Reputation: 2987
I am using the java MongoDB driver for gridfs and would like to use MD5 hash to check if a file already exist before saving it. Essentially I am trying to do this in Java.
I tried DigestUtils
from apache common-codec with the following logic:
public GridFSDBFile save(InputStream inputStream, String contentType, String filename) throws IOException {
String md5 = DigestUtils.md5Hex(inputStream);
List<GridFSDBFile> md5match = gridFs.find(new BasicDBObject("md5", md5));
if (md5match!=null && md5match.size()>0) {
return md5match.get(0);
} else {
GridFSInputFile input = gridFs.createFile(inputStream, filename, true);
input.save();
return gridFs.findOne(input.getId())
}
}
Looking at the underlying implementation, both DigestUtils
and MongoDB driver uses MessageDigest.getInstance("MD5") to calculate MD5 hash.
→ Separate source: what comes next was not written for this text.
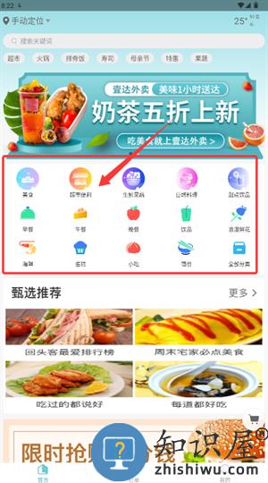 3、返回主界面后,可选择美食、超市便利等服务图标中进行浏览。

However, it looks like the md5 hash code generated by DigestUtils
are not the same as what gridfs generates. Overwrite the "md5" key in GridFSInputFile does not work either.
Upvotes: 3
Views: 2933
Reputation: 2987
The answer turns out to have nothing to do with Mongodb driver. In order to calculate the md5 hash, DigestUtils must read through the InputStream. In order for the above code to work properly, use mark/reset:
inputStream.mark(Integer.MAX_VALUE);
String md5 = DigestUtils.md5Hex(inputStream);
inputStream.reset();
Upvotes: 3